Untuk memastikan keamanan di lokasi kebakaran, Koramil 02/Simeulue Tengah bersama pihak kepolisian memasang garis polisi (police line) guna mencegah warga memasuki area yang masih berpotensi berbahaya. Guna membantu para korban yang kehilangan tempat tinggal, didirikan tenda darurat di lapangan bola Desa Kampung Aie sebagai tempat penampungan sementara bagi warga terdampak. Selain itu, Posko Kebakaran juga segera dibentuk untuk menampung dan menyalurkan bantuan dari masyarakat serta pemerintah daerah.

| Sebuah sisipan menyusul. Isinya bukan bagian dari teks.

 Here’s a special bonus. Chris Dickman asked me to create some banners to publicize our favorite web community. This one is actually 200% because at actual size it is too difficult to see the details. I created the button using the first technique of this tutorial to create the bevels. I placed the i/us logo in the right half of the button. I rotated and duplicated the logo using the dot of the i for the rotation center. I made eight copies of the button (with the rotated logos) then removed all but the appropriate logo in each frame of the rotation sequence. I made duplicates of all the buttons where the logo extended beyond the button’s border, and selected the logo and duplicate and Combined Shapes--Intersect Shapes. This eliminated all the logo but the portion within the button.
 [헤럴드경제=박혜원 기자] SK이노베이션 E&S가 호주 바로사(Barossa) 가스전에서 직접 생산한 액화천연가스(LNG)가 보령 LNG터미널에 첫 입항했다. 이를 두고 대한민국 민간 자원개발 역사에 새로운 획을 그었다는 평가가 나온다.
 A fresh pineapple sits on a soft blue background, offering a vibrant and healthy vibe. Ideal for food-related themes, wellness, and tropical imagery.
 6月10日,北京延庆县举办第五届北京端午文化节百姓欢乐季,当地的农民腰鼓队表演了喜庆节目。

Unit Intel Kodim 0115/Simeulue terus melakukan pemantauan terhadap perkembangan situasi serta berkoordinasi dengan BPBD Simeulue. Pemerintah Daerah Kabupaten Simeulue dan BNPB juga telah melakukan langkah-langkah evaluasi, pendataan korban, serta menyiapkan posko pengungsian untuk memastikan seluruh warga terdampak mendapatkan bantuan yang dibutuhkan.

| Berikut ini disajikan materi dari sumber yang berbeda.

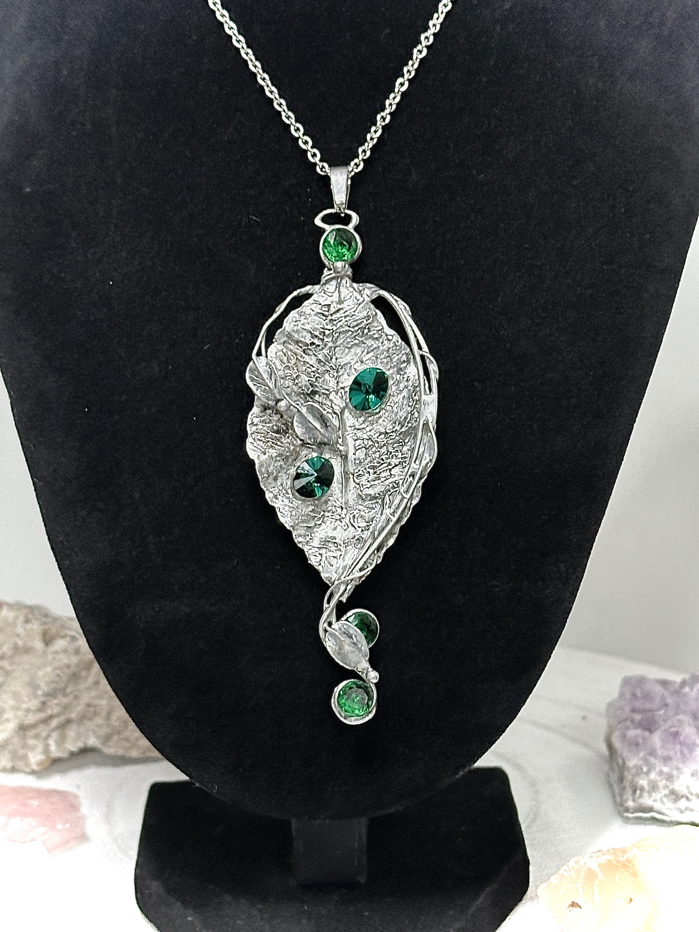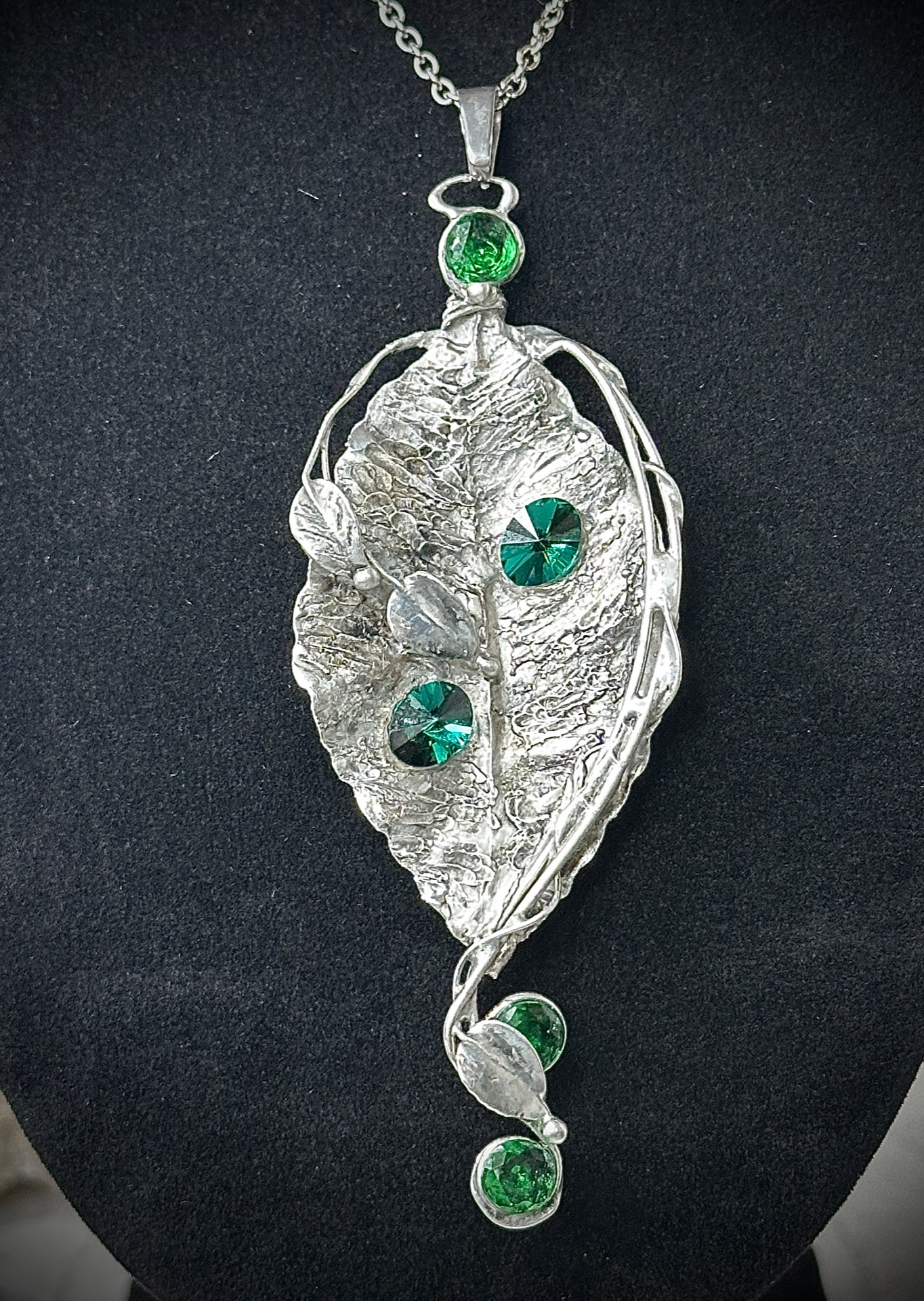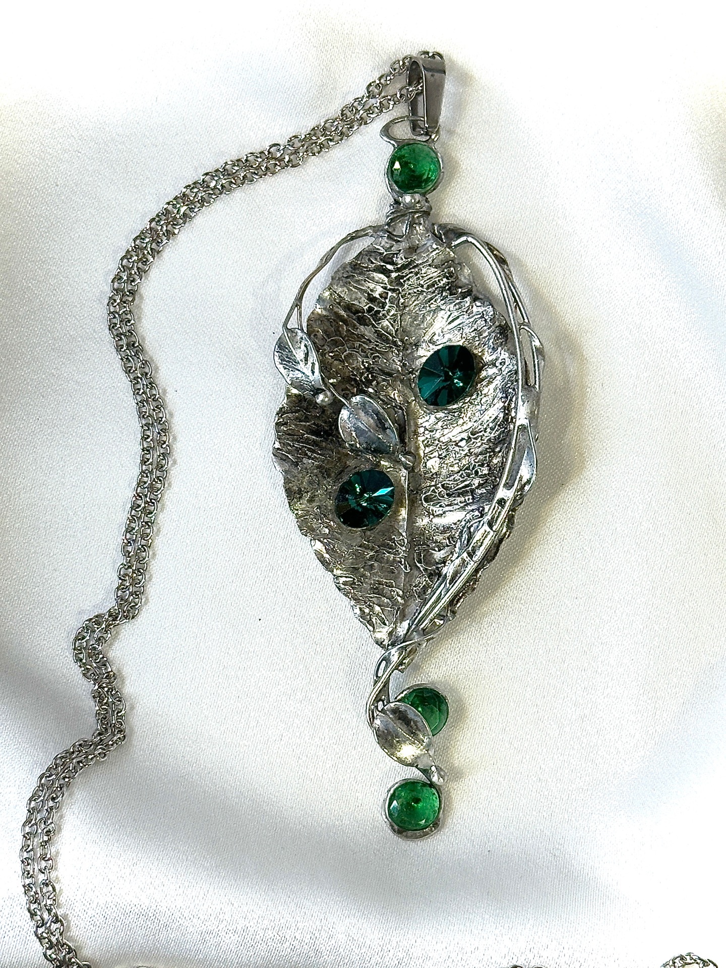 Cínovaný šperk, kde se organická struktura listu potkává s hlubokým zeleným třpytem Swarovski kamenů. Každý detail jsem tvarovala tak, aby působil jako součást živoucí přírody – jemné větvičky, drobné lístky a světlo, které se v kamenech láme jako ranní kapky rosy.

Berdasarkan analisis awal, kebakaran ini diduga disebabkan oleh korsleting listrik di salah satu rumah atau toko yang kemudian memicu percikan api. Material bangunan yang sebagian besar terbuat dari kayu menjadi faktor utama yang mempercepat penyebaran api. Hingga saat ini, personel Kodim 0115/Simeulue dan Koramil setempat masih terus bersiaga untuk membantu proses pemulihan serta memastikan kondisi di lokasi tetap terkendali.

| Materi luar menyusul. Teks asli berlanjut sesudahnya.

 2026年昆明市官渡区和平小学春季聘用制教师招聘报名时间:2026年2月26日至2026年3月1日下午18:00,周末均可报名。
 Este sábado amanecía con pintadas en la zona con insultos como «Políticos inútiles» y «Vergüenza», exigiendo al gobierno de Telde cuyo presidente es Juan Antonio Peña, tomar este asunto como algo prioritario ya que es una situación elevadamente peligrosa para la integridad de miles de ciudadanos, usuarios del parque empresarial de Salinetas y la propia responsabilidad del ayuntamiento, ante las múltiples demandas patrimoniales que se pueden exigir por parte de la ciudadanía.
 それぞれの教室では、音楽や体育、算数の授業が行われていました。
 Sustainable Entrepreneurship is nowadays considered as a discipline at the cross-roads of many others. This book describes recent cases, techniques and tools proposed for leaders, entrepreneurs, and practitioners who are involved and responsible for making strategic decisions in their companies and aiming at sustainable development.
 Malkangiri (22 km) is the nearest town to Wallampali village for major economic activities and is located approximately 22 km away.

Sebagai bagian dari komitmen terhadap masyarakat, Kodam Iskandar Muda selalu hadir dalam setiap persoalan dan kesulitan rakyat. Sesuai dengan tugas pokoknya dalam pembinaan teritorial, terutama dalam aspek komunikasi sosial, Kodam IM senantiasa berperan aktif dalam membantu masyarakat yang terkena musibah. Hal ini sejalan dengan salah satu butir 8 Wajib TNI, yaitu mempelopori usaha-usaha untuk mengatasi kesulitan rakyat di sekelilingnya.